There was a simple beauty to the way the thin layer of ice had formed crystals on items set up on the back lot at the auction house. As I strode through the assemblage of stuff, I stopped every so often to just take them in.
The gentle rays of the sun was cutting across the field, but not with enough heat to melt the tiny formations.
Two lamps had been left out in the field, the overnight moisture covering them like a thin layer of transparent paint. (I’d be much too afraid to plug them into any outlet.) A set of opaque bowls and a circular towel holder had turned a soft white. On an outside ledge near where furniture was stored on a roofed ramp, two antique desks were coated with frost.
The most ironic item was an ice machine on whose surface nature had made its own ice.
Seeing items left outside at an auction house was nothing new for me. They have so much stuff to sell that some of it – not the good stuff, though – ends up outside and uncovered in all kinds of weather. It gets snowed on, rained on or faded under a hot summer sun. Years ago, I went to an auction where boxes and boxes of women’s shoes had been left out in the rain and were soaked.

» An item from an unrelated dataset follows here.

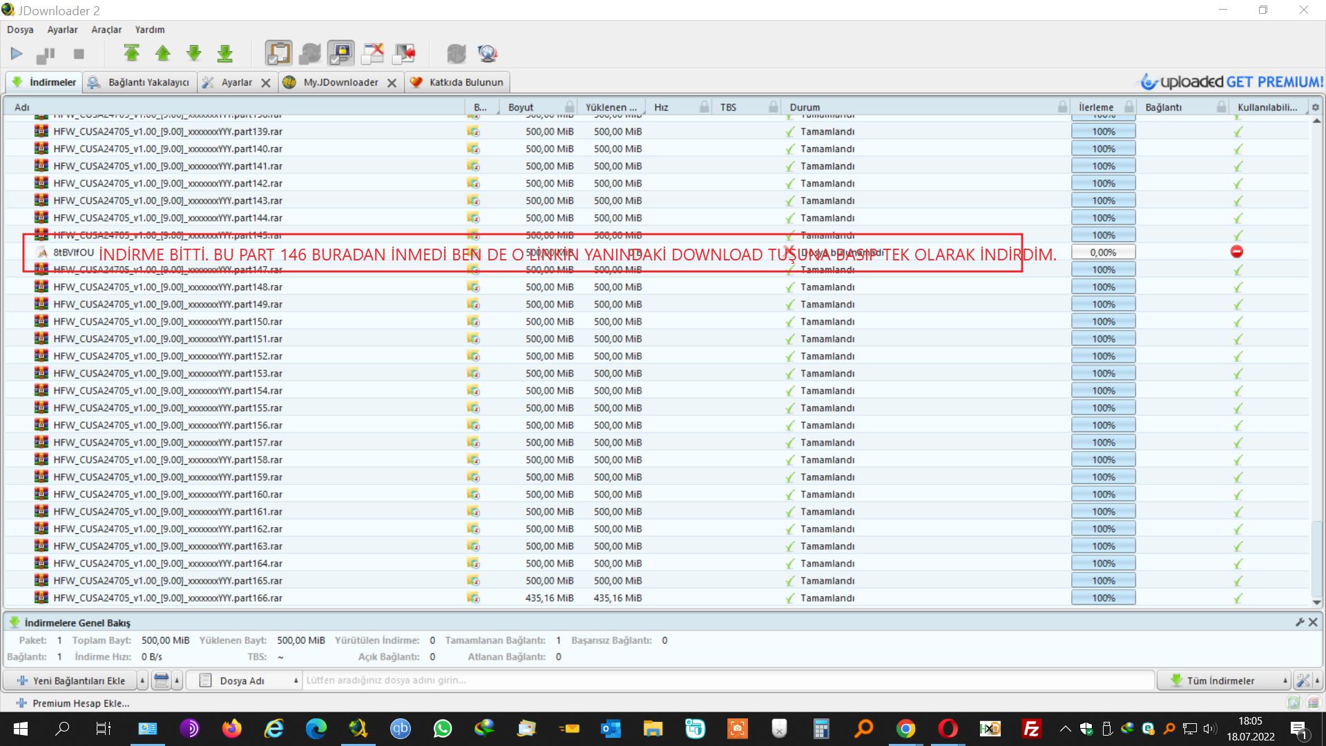 Eğer eksik olan linkler yine de kalır ise onları yine bu indirme sayfasında yanlarındaki Download tuşların basarak eksik olanları tek tek de indirebilirsiniz. Deneyin bakalım bu şekilde tüm linkleri yakalayacak mı? Ben test ettim bende yakaladı ondan yazdım zaten.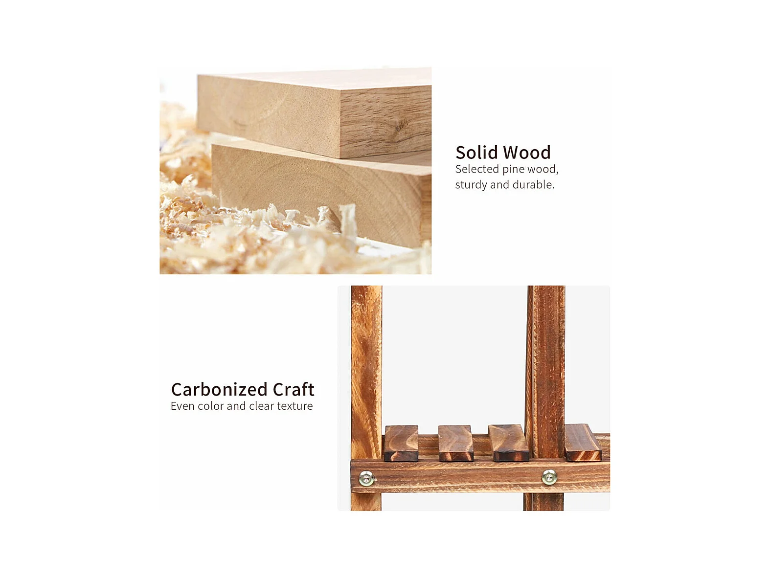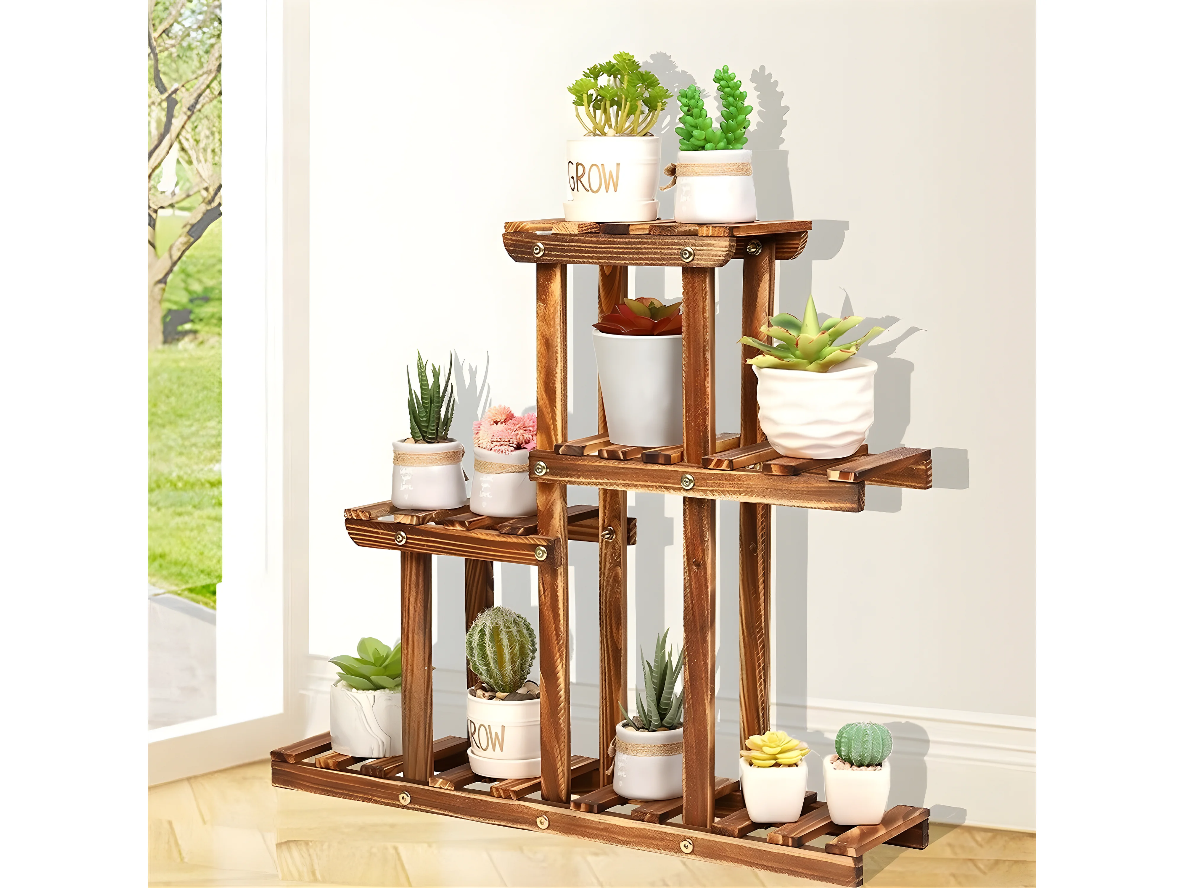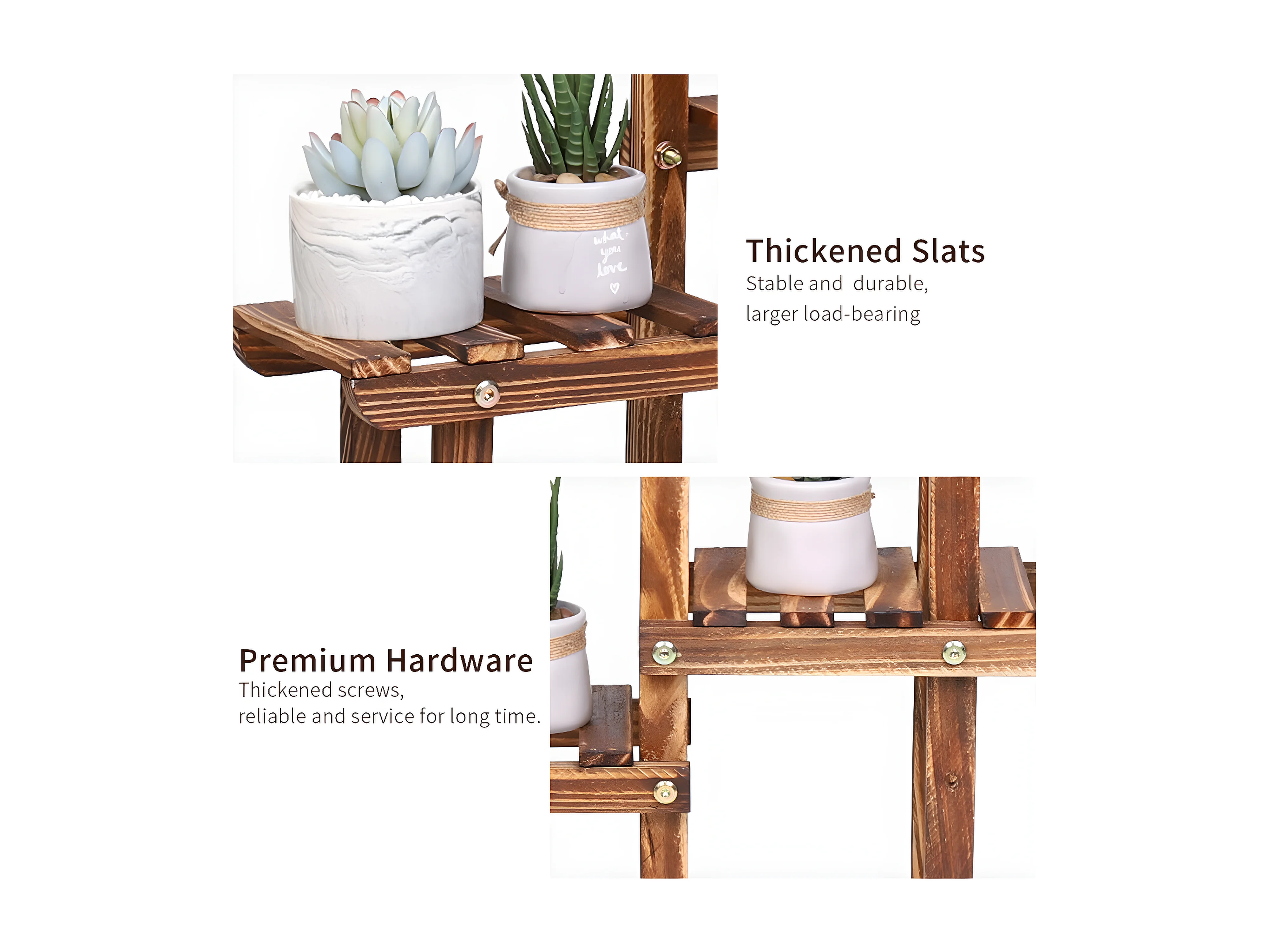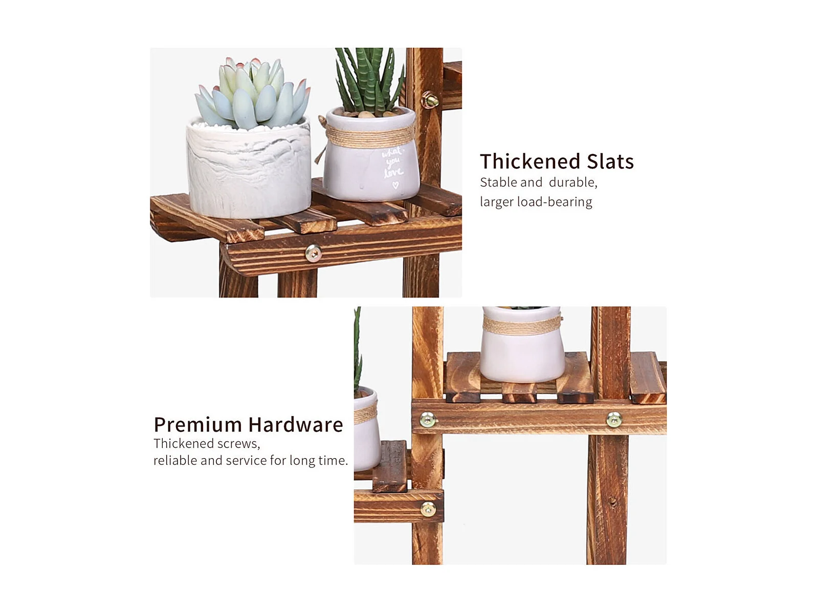 Étagère à fleurs en bois - porte plante bois 6 tablettes - dim. 98L x 28l x 95H cm - bois de sapin traité carbonisation

One of my regular auction houses solved the problem by constructing a metal building to hold its furniture; in the past, the furniture was stored in a roofed building with no sides. Its box-lot items are covered with a roof.
Even the auction house with the iced items covers a small space on the back lot, a makeshift enclosure that on this day held only a few boxes. On the ground was a large puddle of water along one aisle.
Many of the items not covered were likely useable once the midday sun had melted the ice or the new owner had wiped it away (yes, all would be sold).